#### Problem details
Below this line are records; write out exactly the lines from the one containing "En me référant" through the one containing "Гарантія: 27 років", with the pictures left out.

#### Data to use
* * *

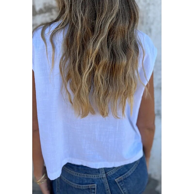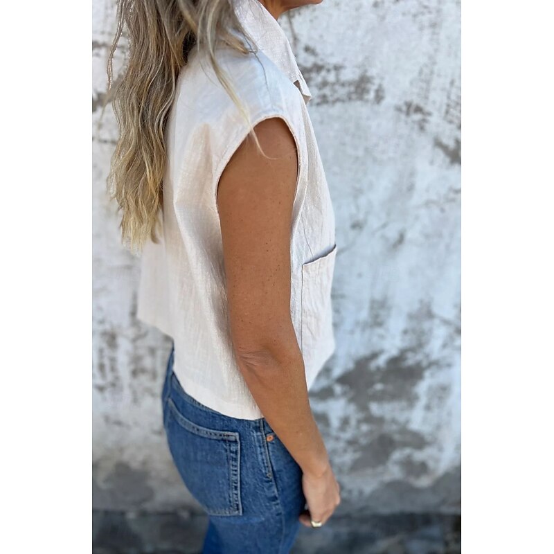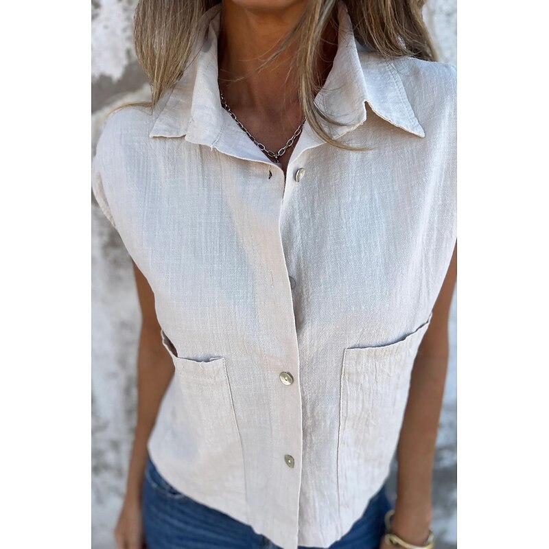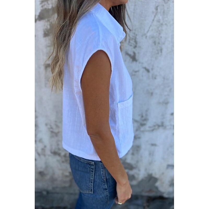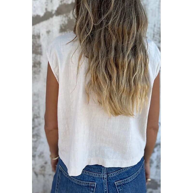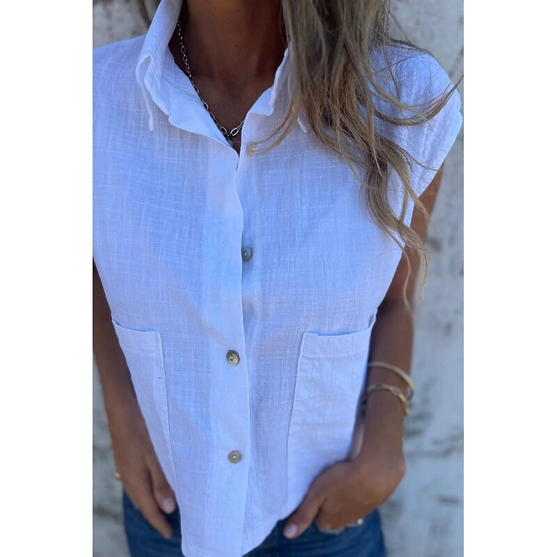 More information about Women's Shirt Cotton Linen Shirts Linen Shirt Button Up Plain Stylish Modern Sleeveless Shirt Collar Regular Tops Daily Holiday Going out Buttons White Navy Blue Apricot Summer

* * *

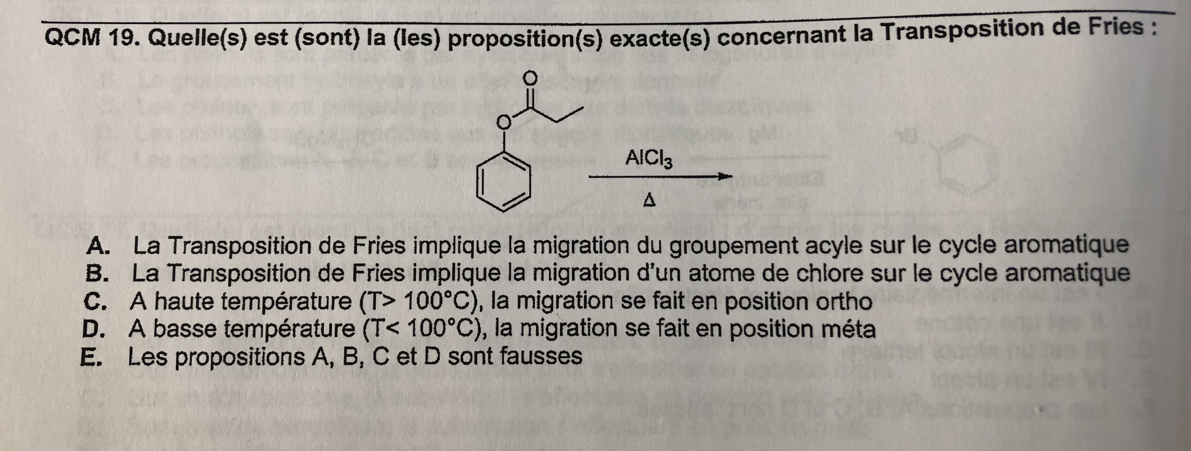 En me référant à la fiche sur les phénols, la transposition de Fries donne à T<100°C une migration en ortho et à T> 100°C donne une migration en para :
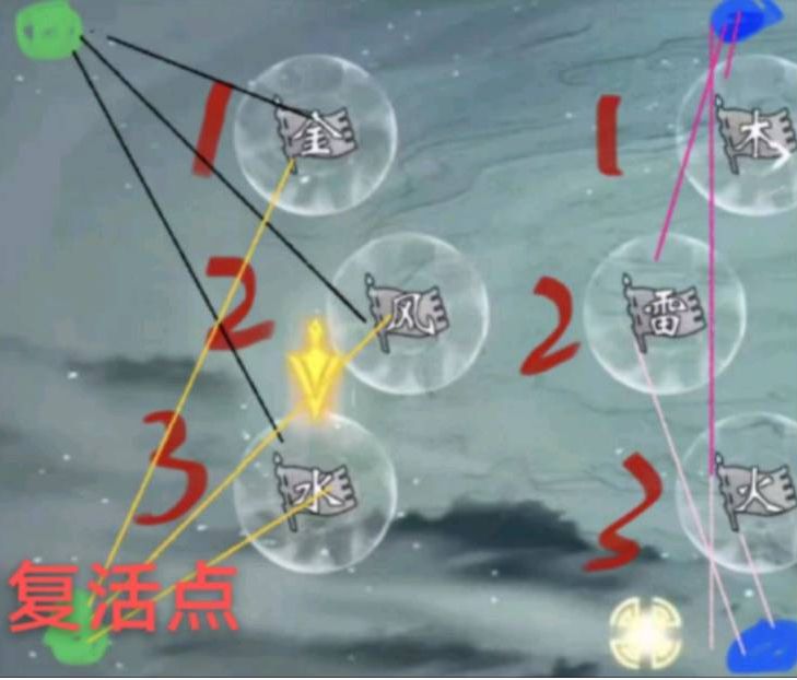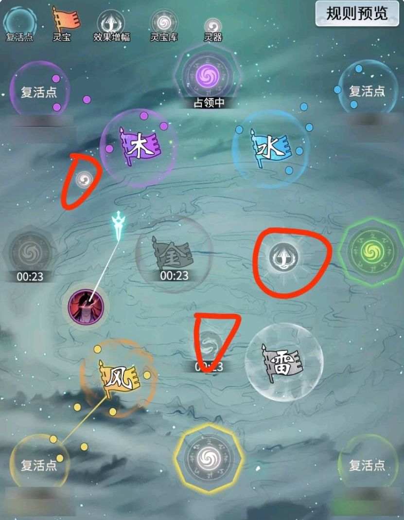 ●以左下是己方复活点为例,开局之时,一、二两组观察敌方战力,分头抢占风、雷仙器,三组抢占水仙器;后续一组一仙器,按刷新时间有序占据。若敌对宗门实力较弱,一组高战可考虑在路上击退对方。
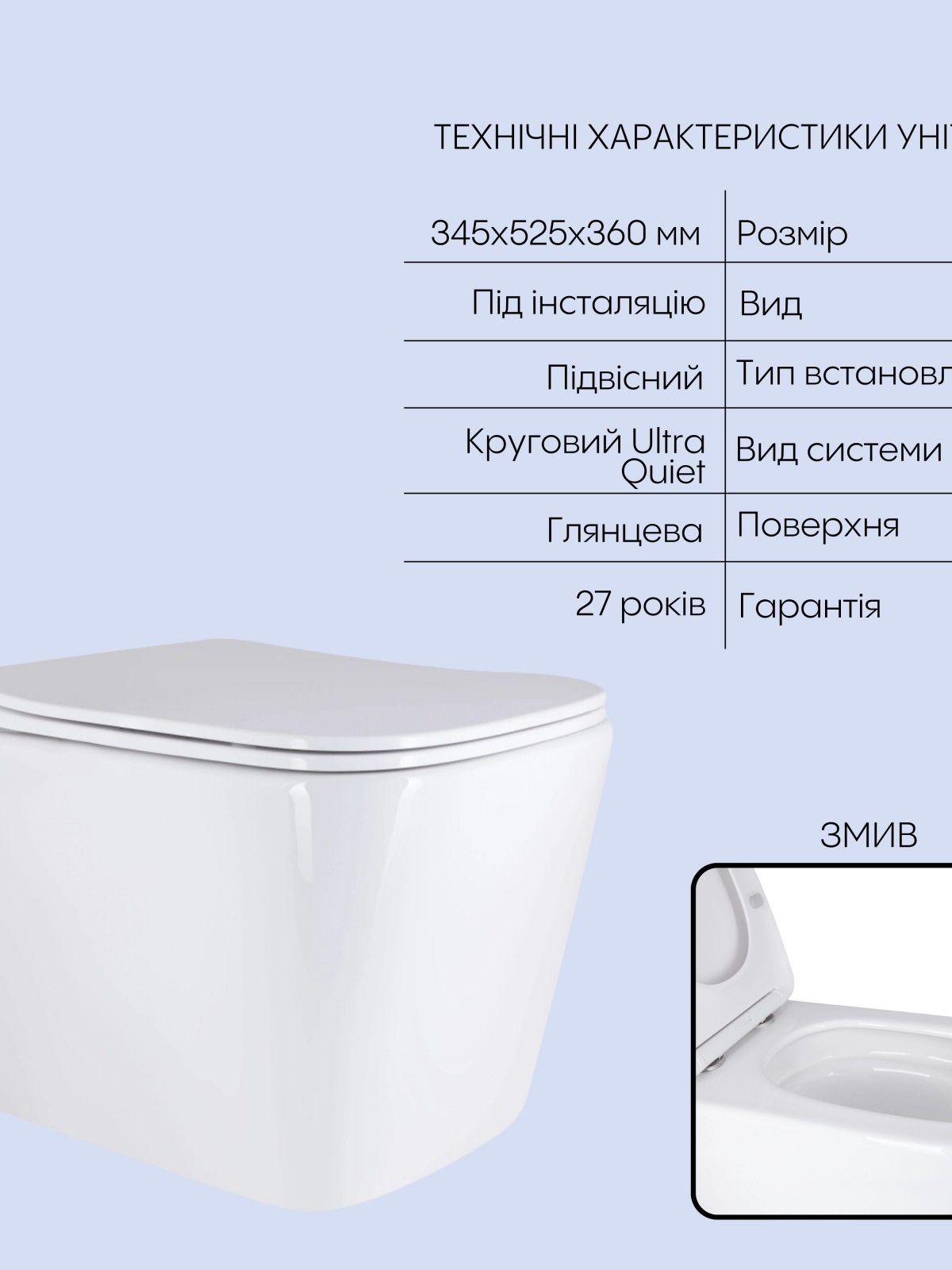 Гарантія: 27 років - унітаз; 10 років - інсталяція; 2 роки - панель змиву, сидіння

* * *

#### Answer to this task
 En me référant à la fiche sur les phénols, la transposition de Fries donne à T<100°C une migration en ortho et à T> 100°C donne une migration en para :
 ●以左下是己方复活点为例,开局之时,一、二两组观察敌方战力,分头抢占风、雷仙器,三组抢占水仙器;后续一组一仙器,按刷新时间有序占据。若敌对宗门实力较弱,一组高战可考虑在路上击退对方。
 Гарантія: 27 років - унітаз; 10 років - інсталяція; 2 роки - панель змиву, сидіння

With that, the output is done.